Jazz Books from Cool Blue to Acid Orange




I recently read two books about the jazz musician's life, but each was as different a portrait as ragtime piano is to Ornette Coleman's free jazz. The first book was Wynton Marsalis' and Carl Vigeland's "Jazz in the Bittersweet Blues of Life" (Da Capo Press, 2002). An elegant look at the classy, overachieving trumpeter and band leader, with great vignettes about life on the road with the Wynton Marsalis Septet during various tours from 1989 to 2000. Here we are immersed in the challenges of fitting in practice time, family visits, travel, important community work and the ritual ironing of the suits before show time. We see how Marsalis evolves as a composer and how his classically-trained, traditional jazz style changes subtly over time.

The writing style in this book is interesting.
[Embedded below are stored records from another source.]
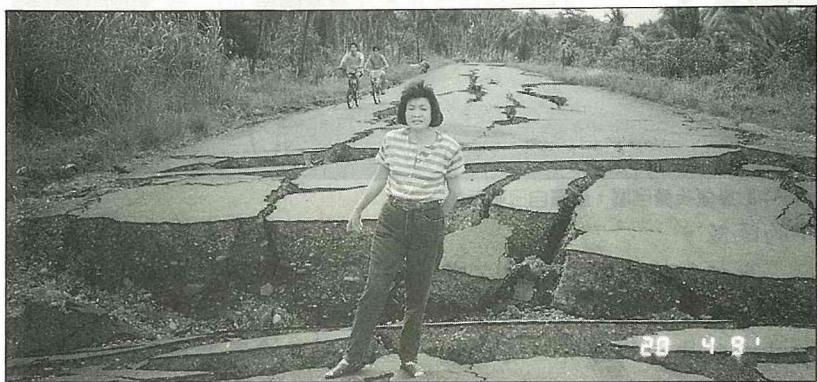
利蒙附近公路震成這樣
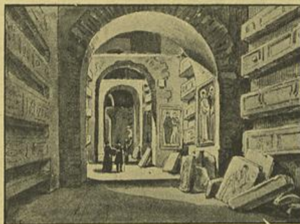
UMA GALERIA DAS CATACUMBAS DE ROMA

Gravuras extraídas do livro ELEMENTOS DE HISTORIA DA ARTE — BIBLIOTECA DE INSTRUÇÃO PROFISSIONAL
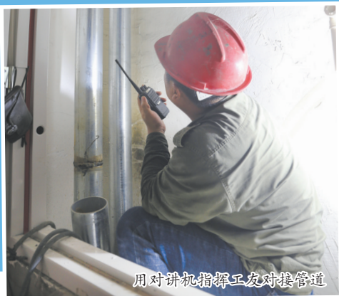
用对讲机指挥工友对接管道
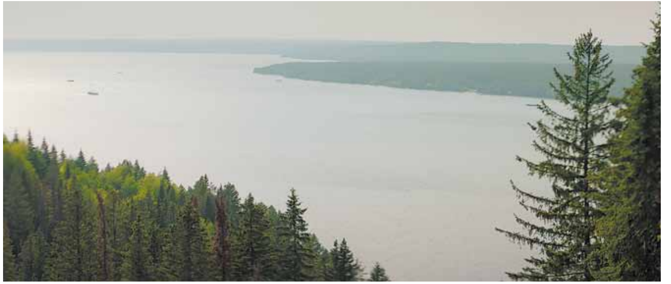
Кадр из фильма «Культурная комедия» (12+)

«прибытие», и оно как раз связано с приходом в город большого кино.
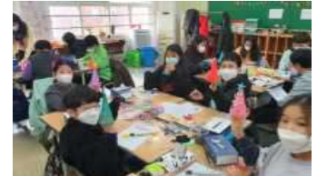
< 마을강사 연계 수업 >
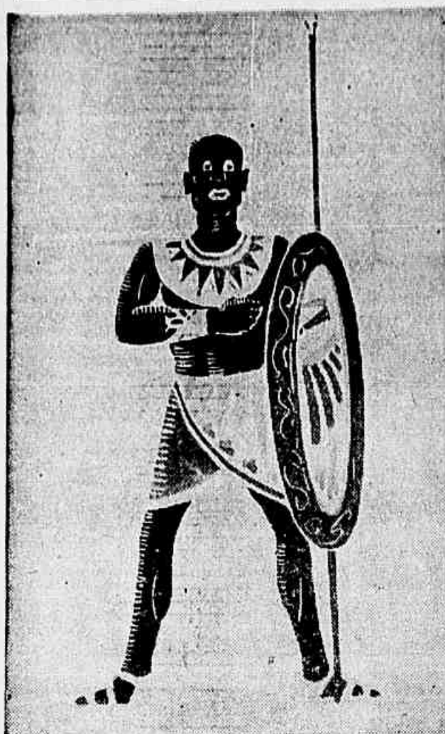
Um detalhe de "Terra dos Faróis", concepção do cenógrafo J. Guimarães Júnior, para o carnaval do High-Life este ano
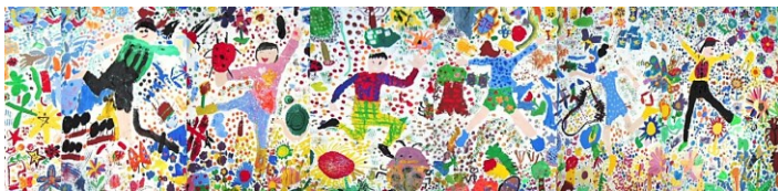
第 50 回 蕨市公募美術展覧会 絵画部門 蕨市美術連盟会長賞
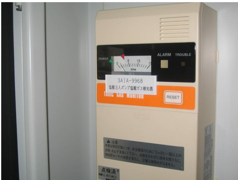
塩酸注入ポンプ塩酸ガス検知器（2 ppm）
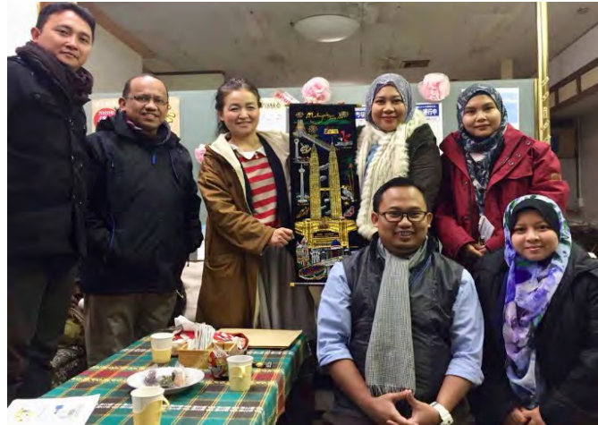
Gambarajah 18 Lawatan ke Chanoma
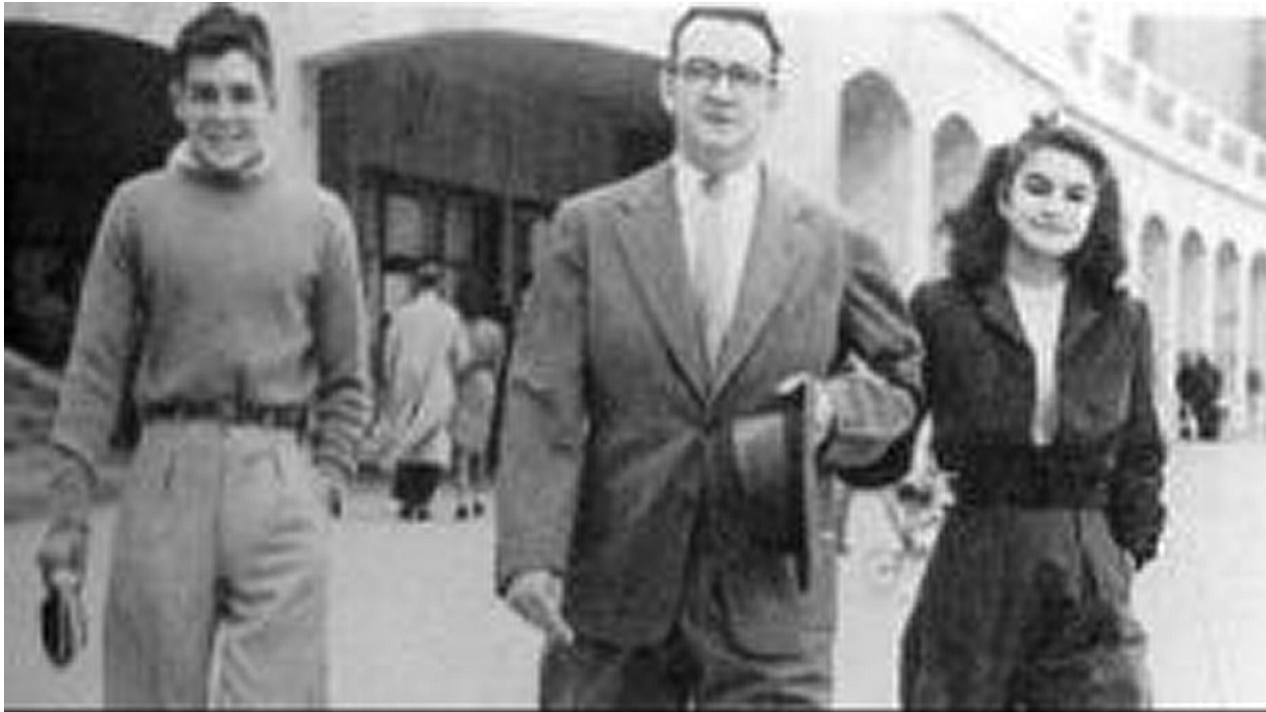
El Ché junto a su padre y su hermana, en Buenos Aires.
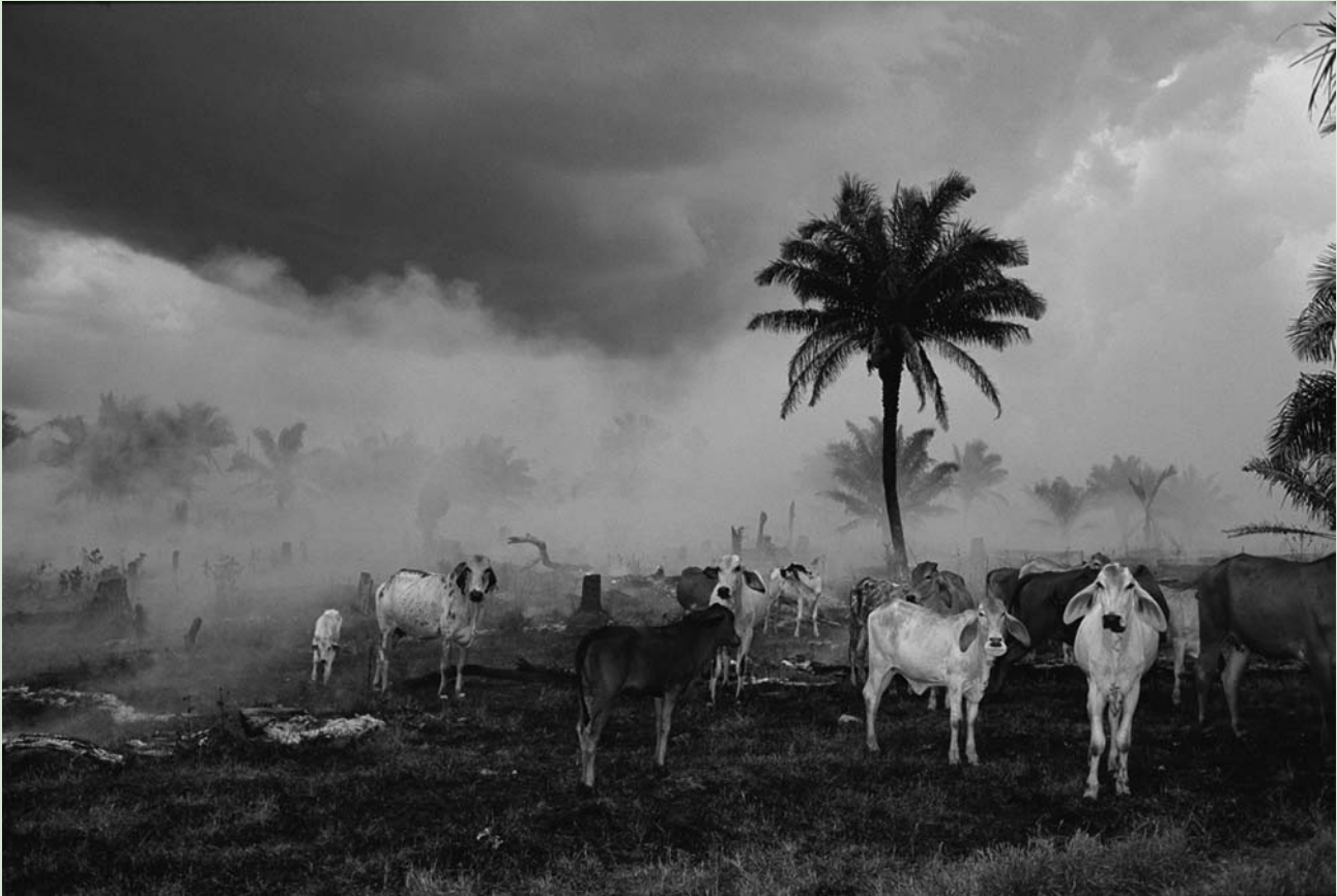
Выжженные дождевые леса Амазонии, недавно расчищенные под пастбища.
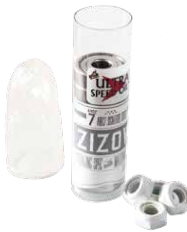
ZIZOW sig. (SUPERALJING with 4nuts white) ¥3,850 (with tax)
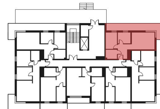
Rzut kondygnacji - PARTER
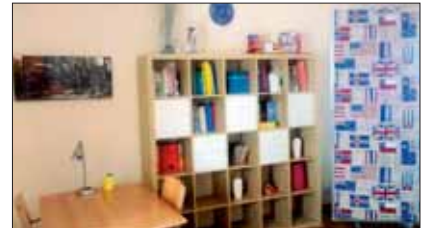
Una delle nostre aule
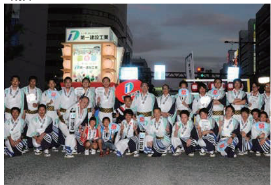
新潟まつり大民謡流しに参加
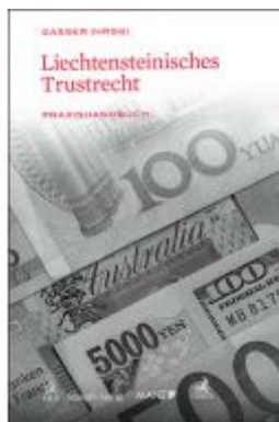
Liechtensteinisches Trustrecht Ladenpreis: 99,00 EUR
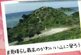
#見晴らし最高のかわいい山に登ろう!
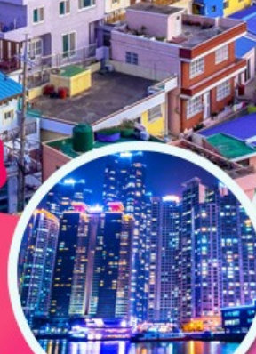
The Bay 101
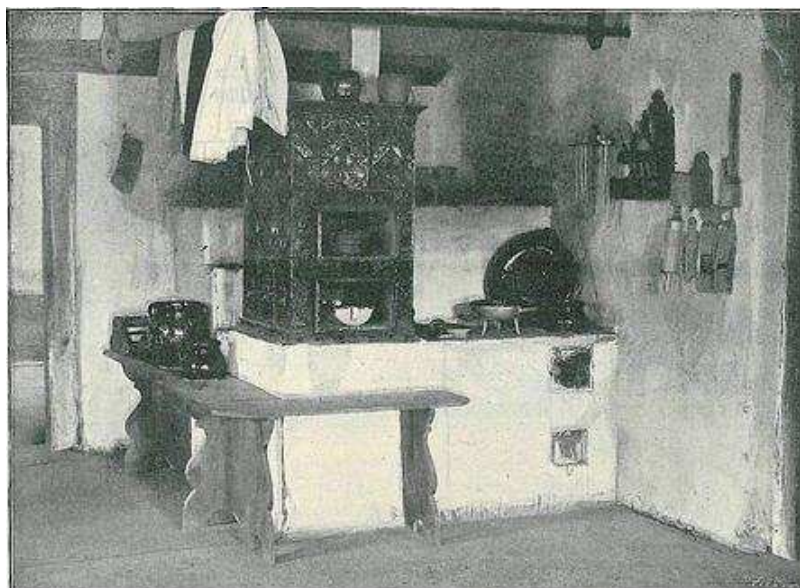
Světnice východočeského statku na Národopisné výstavě československé v Praze roku 1895 493
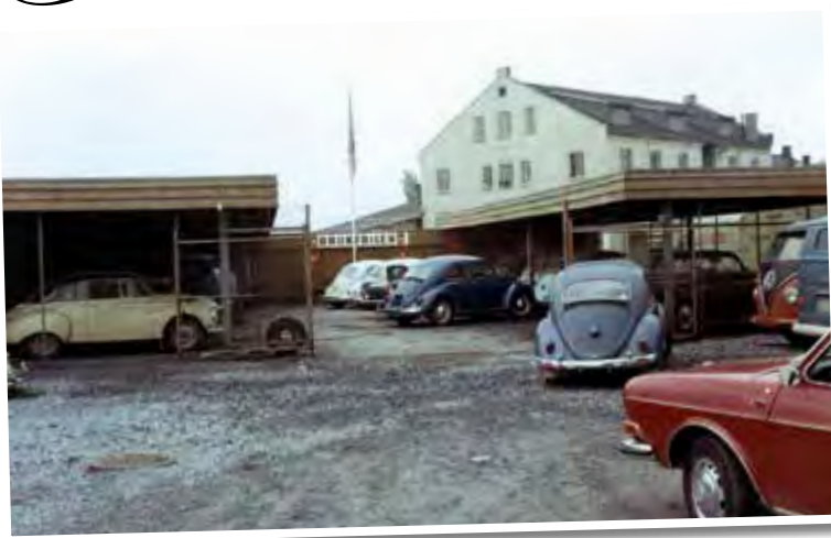
Grenland Auto i Porsgrunn 1969.
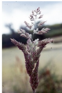
à inconnu observée le 17 mai 2003 par Liliane Roubaudi

Réseau Tela botanica, Programme Flora Data, version dynamique.
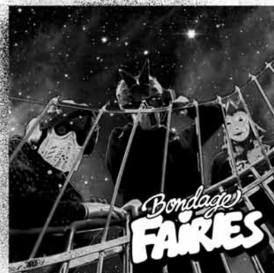
Bondage Fairies 1-0
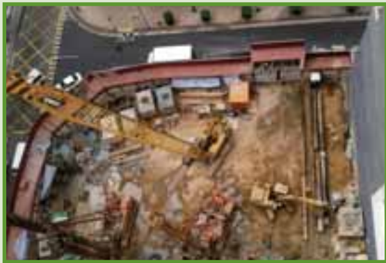
香港荃灣灰瑤角街2-6號 總承包工程，二十一層高工廠大樓 (包括樁基礎及上蓋、機電及裝修工程) No.2-6 Fui Yiu Kok Street, Tsuen Wan, Hong Kong Main Contractor for redevelopment a 21-storey industrial building including construction of sub-structure and superstructure, E&M and fitting out works
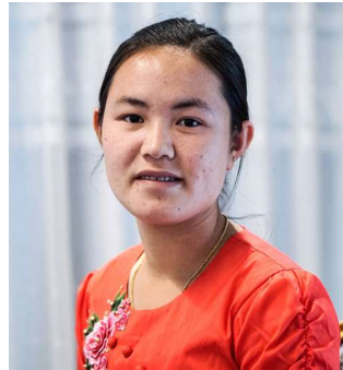
မဥမ္မာ ရွာငံမြို့၊ ကျောက်တောရွာ
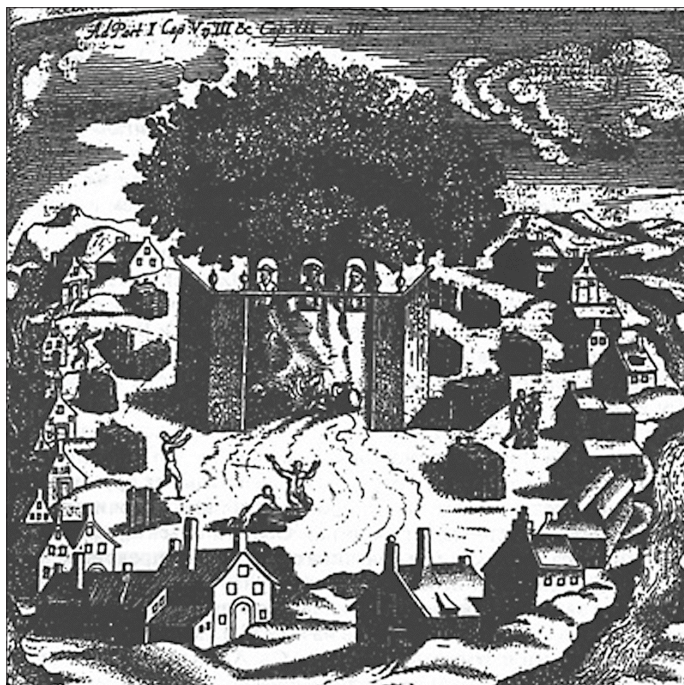
Рис. 4. Ромове — центральное святилище пруссов (по К. Харткноху, 1684 г.) (Кулаков В.И., 2003, с. 198, рис. 68).

музея Л. Быстровой с уникальной находкой, поступившей в фонды этого музея из Friedland/Правдинска. Это большемерный кирпич, происходящий из руин разобранного строения в упомянутом городе. К сожалению, более точный адрес находки остался неизвестным. Т.к. большемерные кирпичи появляются в Пруссии в эпоху существования Орденского государства, дату этой находки условно можно отнести к хронологическому отрезку XIV–XVII вв. На одной из сторон кирпича по сырой глине при помощи деревянной (на это указывают «рубленные» линии рисунка) формы была оттиснута довольно сложная композиция (рис. 5). В центре ее представлено дерево с семью безлистными ветвями (вытянуты под углом вверх). На вершине дерева помещен петух (?), справа от дерева — конь, обращенный к дереву, слева — олень (также головой к дереву). За крупом коня представлено небольшое дерево, под ногами оленя — три схематически

There are constant riffs between Vigeland's reporting and Marsalis' contemplative takes on the same events (Marsalis' words are in italics), which required me to slow down my normal "read it in one or two chunks" reading style, so I could absorb the images and Marsalis' philosophies on making music and art. An inspiring read, and one which greatly increased my respect for Marsalis as an artist. I immediately went out and bought several of his CDs, which I would recommend to all. "Blue Interlude", by the Wynton Marsalis Septet and "The Midnight Blues, Standard Time, Volume 5" by Wynton Marsalis are two of my current favorites.

Going from the elegance of midnight blue to an acid shade of orange is A.J. Albany's portrait of her pianist father Joe Albany in "Low Down: Junk, Jazz, and Other Fairy Tales from Childhood" (Bloomsbury, 2003). I can't say that this was an enjoyable book, but it was a horrifying, fascinating train wreck in its candid portrayal of A.J.'s loving, but terribly flawed dad. When he was in his prime he played with Charles Mingus, Charlie Parker and Lester Young while barflies dandled baby A.J., but this was but a short interlude before he descended into a drug-fueled daze, interspersed with schizophrenic episodes, that left A.J. to fend for herself throughout much of her childhood. She maintains an affection for her dad throughout the book (as opposed to her bohemian singer turned junkie mom who abandoned her in toddlerhood) even though he would leave her often and with inadequate babysitters that exposed her to domestic violence, bestiality, sex offender circus clowns, drugs, alcohol, prostitution and social deviance of seemingly endless stripes. Quite a different scene than hanging with Wynton, but an interesting look at the life of a minor jazz musician during the 1960s.